GNOME Bugzilla – Bug 758232
Add support for EBU-TT-D / TTML subtitles
Last modified: 2016-11-01 18:47:22 UTC
In Bug #747774 I mentioned that I'd been working on elements to support EBU-TT-D subtitle parsing and rendering. A repository containing these elements (and an associated library) is now up on github: https://github.com/bbc/gst-ttml-subtitles I'd be grateful for comments on the design, and guidance on how this code can best be integrated. As mentioned in #747774, it should be fairly straightforward to create a patch for subparse that would add parsing of EBU-TT-D files, as the changes are mainly contained in a couple of new source files that are specific to TTML. Integrating the library and renderer, however, is probably a bit more complicated. More details are given on the github page. Chris
Is the goal to use the GstSubtitle* as the generic interchange format between subtitle elements in GStreamer? If so it might not be powerful enough to express things like SSA/ASS subtitles, not sure. It might also have to support text-based and picture-based subtitles. Could this, for starters, be just merged into gst-plugins-bad into a plugin with the parser and renderer and then we gradually improve the interchange format and make it used in other subtitle elements and at some point make it public API?

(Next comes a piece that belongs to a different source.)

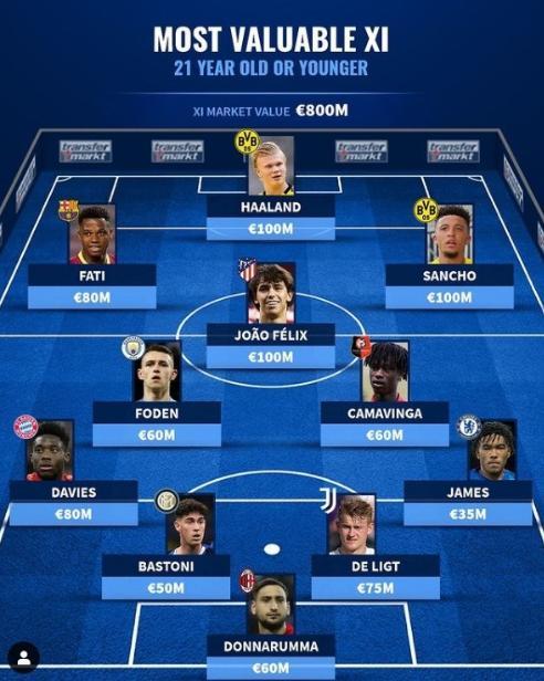 JRS直播网1月11日讯 北京1月11日,《德国转会市场》最新统计出21岁以下球员最贵阵容,其中哈兰德、桑乔、菲利克斯三人身价都在1亿欧。

(In reply to Sebastian Dröge (slomo) from comment #1) > Is the goal to use the GstSubtitle* as the generic interchange format > between subtitle elements in GStreamer? If so it might not be powerful > enough to express things like SSA/ASS subtitles, not sure. It might also > have to support text-based and picture-based subtitles. That was my initial plan, but it proved difficult to produce something initially that supports all formats. So what it is at present is a library that supports interchange of TTML-based subtitles. Currently it supports only the EBU-TT-D profile of TTML, but it should hopefully be straightforward to extend it to support full TTML and other profiles of TTML, such as SPMTE-TT and the IMSC1 profiles. > Could this, for starters, be just merged into gst-plugins-bad into a plugin > with the parser and renderer and then we gradually improve the interchange > format and make it used in other subtitle elements and at some point make it > public API? That sounds like a good idea to me. In this scenario, do you envisage that the library code would go in gst-plugins-bad/gst-libs and still be built as a separate library, or should it go in the plugin directory with the parser and renderer code and just compiled and linked directly with the parser & renderer (i.e., not be built as a separate library at all)?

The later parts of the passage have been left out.